I set my elbows to my knees and hang my head. “I want to come.”
“Honey, no.” Marianna tilts her head. “You need to stay under the radar.”
I shrug. “They already know I live here—they sent the letter here. What does it matter if she knows, too?”
“She has a point,” Theresa cedes, slouching in her seat. “Are you sure you want to do this, though? You seem affected enough by the thought alone. Phoning the hospital would be a lot easier.”
“No.” I draw a deep breath and sigh before I continue. “I’ve got other questions she might be able to help with. I’d like to talk to her anyway.”
“Well.” Theresa rises from her seat and sets it back on the table. “I think you should take your friend's suggestion and have her stay the night. You need the company, Ness.”
I smile softly and shake my head. “No. I need the time to sit and work through what I want to say.” I turn to Marianna. “Thank you, though.”

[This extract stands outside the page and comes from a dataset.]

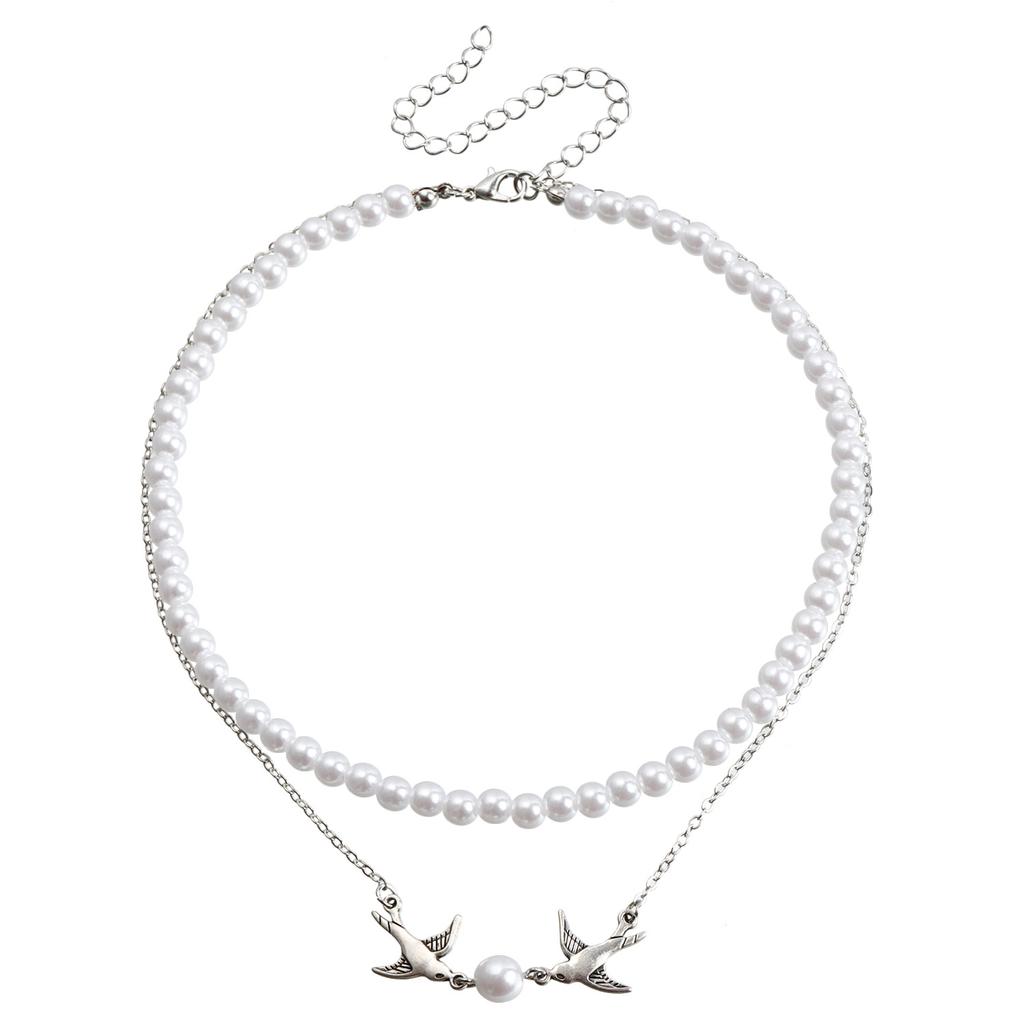 Valentine'S Day Lobe Double Beaded Mixed And Matched Metal Chain Necklace Ins Imitation Pearl Double Flying Swallow Necklace Female

“I’m keeping my phone on.”
“I’m sure you would.”
She glances down at the aforementioned device and sighs. “I need to carry on. The people buying the farm are riding my ass on the details.”
“Someone’s buying the farm?” Theresa calls from behind the counter.
“Yeah.” Marianna’s shoulders straighten as she stands a little taller. “They’re paying asking for it.”
“What the hell for?” My boss throws a dish towel over her shoulder. “That place has been abandoned for years. It needs major work.”
“They know.” She shrugs. “But I guess they don’t care. They want to make sure nobody else will get it.”
“Odd.”
Marianna offers me her hand, guiding me to my feet. “Call me—no matter what time it is—if you need me.”
“Thank you.”
She pulls me into a quick hug, aware it feels awkward for me as much as I need it. “Manifest good shit from this, babe.” She pulls back, hands on my shoulders. “Maybe this is a step closer to closure for you.”
“Maybe.” I shrug, and she drops her hands. Or maybe it’ll be a step closer for him.